Return the data below exactly as given, except for the images.

-------- SOURCE DATA --------

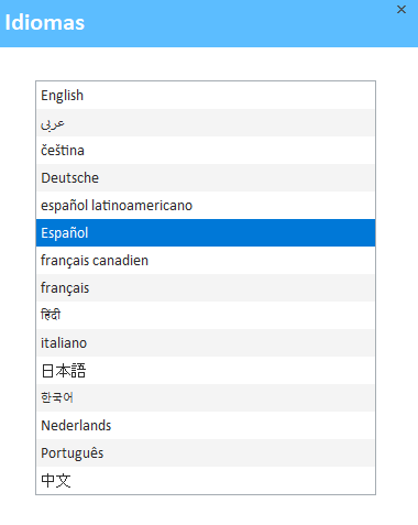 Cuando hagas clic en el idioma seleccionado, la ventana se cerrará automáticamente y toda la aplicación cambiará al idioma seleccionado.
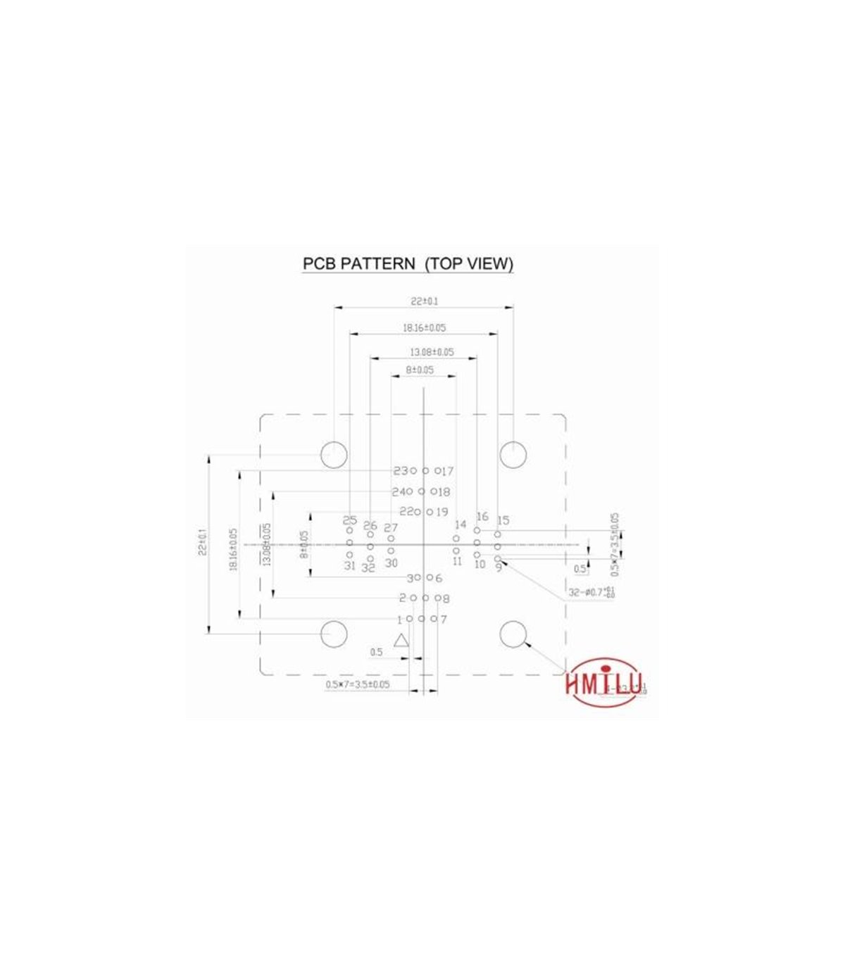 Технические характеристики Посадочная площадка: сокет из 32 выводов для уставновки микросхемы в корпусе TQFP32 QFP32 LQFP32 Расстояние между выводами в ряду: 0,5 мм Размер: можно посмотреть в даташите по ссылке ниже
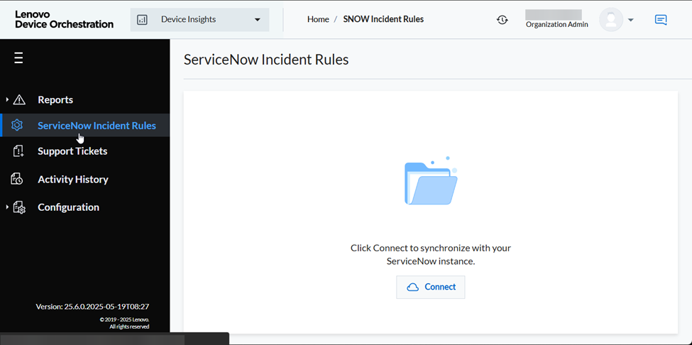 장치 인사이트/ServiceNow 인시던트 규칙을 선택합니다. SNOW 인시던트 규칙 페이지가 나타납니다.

--------

• _EXERCISE OUTPUT_
 Cuando hagas clic en el idioma seleccionado, la ventana se cerrará automáticamente y toda la aplicación cambiará al idioma seleccionado.
 Технические характеристики Посадочная площадка: сокет из 32 выводов для уставновки микросхемы в корпусе TQFP32 QFP32 LQFP32 Расстояние между выводами в ряду: 0,5 мм Размер: можно посмотреть в даташите по ссылке ниже
 장치 인사이트/ServiceNow 인시던트 규칙을 선택합니다. SNOW 인시던트 규칙 페이지가 나타납니다.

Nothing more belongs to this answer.